These data were collected and provided by CPRD. Ethical approval was obtained through CPRD’s Research Data Governance Process (protocol number: 22_002377). The RECORD checklist for observational studies is in Supplementary Table 5.

Results

Characteristics of study participants

The HF dataset consisted of 1,569 cases experiencing an HF event within the first 30 days post-exacerbation, matched to 3,138 controls. The AF/flutter dataset consisted of 841 cases experiencing an AF/flutter event within the first 30 days post-exacerbation, matched to 2,523 controls. Tables 1 and 2 show the characteristics of the participants for HF and AF/flutter, respectively.

Table 1.

Factors associated with hospitalizations for heart failure within the first 30 days post acute exacerbation of COPD

graphic file with name 12890_2024_3035_Tab1_HTML.jpg

eGFR Estimated glomerular filtration rate, uAlb Urine albumin, CVD Cardiovascular disease, ICS Inhaled corticosteroid, LABA Long-acting beta agonist, LAMA Long-acting muscarinic antagonist, SABA Short-acting beta agonist, SAMA Short-acting muscarinic antagonist, CCB Calcium channel blocker. n(%) described for the COPD and CV prescription categories may be mutually exclusive, as they can be taken in combination elsewhere in the table (e.g., patient prescribed a long-acting inhaler, short-acting inhaler, oral therapy, and a cardiovascular medication)

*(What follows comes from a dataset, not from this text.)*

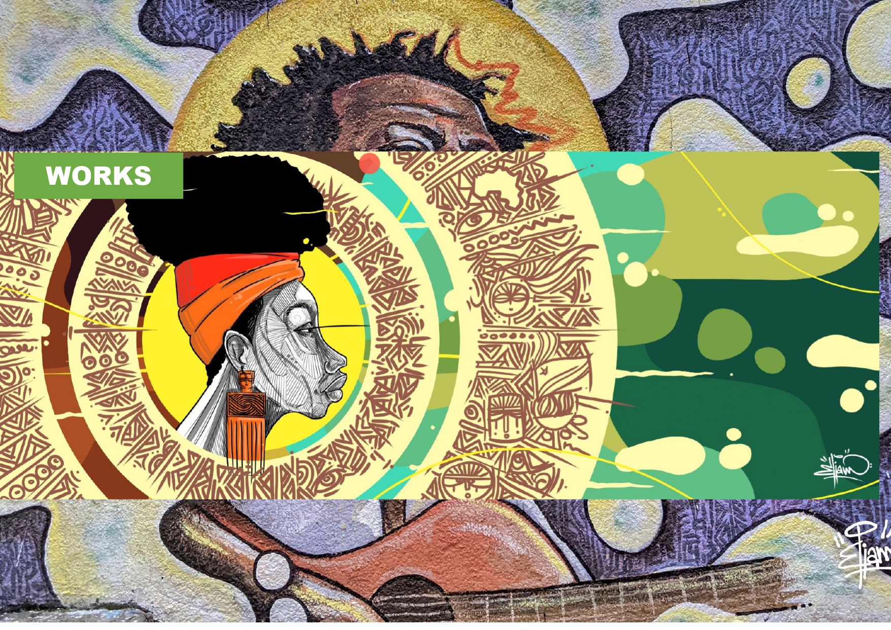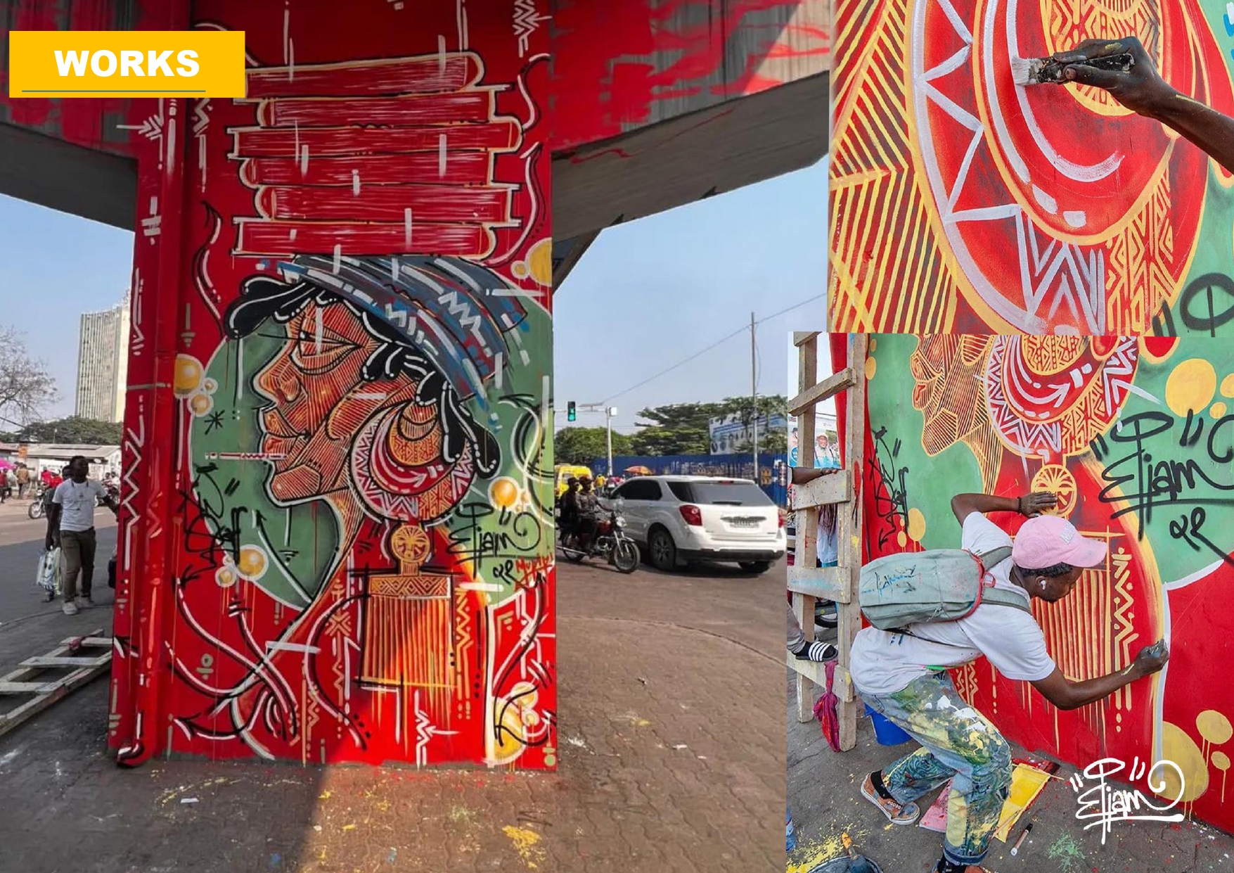 Through bold patterns and ancestral symbols, Eliam seeks to revive African heritage in the modern urban landscape. His work bridges tradition and contemporary life, inviting viewers on a journey between dream and reality, past and present.

aThe final model was adjusted for socioeconomic status (IMD), smoking status, and comorbidities: BMI, Type II diabetes, depression and depressive symptoms, exacerbation severity, exacerbation frequency and prior prevalent CVD (hypertension, acute coronary syndrome, arrhythmia, heart failure, pulmonary hypertension, ischemic stroke), and COPD medications (short-acting and long-acting COPD inhaled therapies) and major classes of CVD medications according to the British National Formulary (BNF)

Table 2.

Factors associated with hospitalizations for atrial fibrillation or flutter within the first 30 days post acute exacerbation of COPD

graphic file with name 12890_2024_3035_Tab2_HTML.jpg

eGFR Estimated glomerular filtration rate, uAlb Urine albumin, CVD Cardiovascular disease, ICS Inhaled corticosteroid, LABA Long-acting beta agonist, LAMA Long-acting muscarinic antagonist, SABA Short-acting beta agonist, SAMA Short-acting muscarinic antagonist, CCB Calcium channel blocker. n(%) described for the COPD and CV prescription categories may be mutually exclusive, as they can be taken in combination elsewhere in the table (e.g., patient prescribed a long-acting inhaler, short-acting inhaler, oral therapy, and a cardiovascular medication)

aThe final model was adjusted for socioeconomic status (IMD), smoking status, and comorbidities: BMI, Type II diabetes, depression and depressive symptoms, exacerbation severity, exacerbation frequency and prior prevalent CVD (hypertension, acute coronary syndrome, arrhythmia, heart failure, pulmonary hypertension, ischemic stroke), and COPD medications (short-acting and long-acting COPD inhaled therapies) and major classes of CVD medications according to the British National Formulary (BNF)

Across both study populations, cases tended to have had a severe exacerbation, were more likely to be older, male, an ex-smoker, have comorbidities including prior prevalent cardiovascular disease, and be prescribed cardiovascular medications. Cases and controls both tended to have infrequent exacerbation history, have prescriptions for long-acting therapies, but tended to not have prescriptions for short-acting inhaled therapies.

Factors associated with HF hospitalization 1-30 days post exacerbation

Age, type II diabetes, obesity, prior HF diagnosis, prior arrhythmia diagnosis, having a severe exacerbation, and most cardiovascular medications were associated with increased odds of being hospitalized for HF within 30 days of a COPD exacerbation (Table 1). The factors most strongly associated with HF were exacerbation severity (aOR=6.25, 95%CI 5.10-7.66), a prior HF diagnosis (aOR=2.57, 95%CI 1.73-3.83), age at least 80 years (≥80 vs. 40-69; aOR=2.41, 95%CI 1.88-3.09), and, of the cardiovascular medications, diuretics (aOR=2.81, 95%CI 2.29-3.45).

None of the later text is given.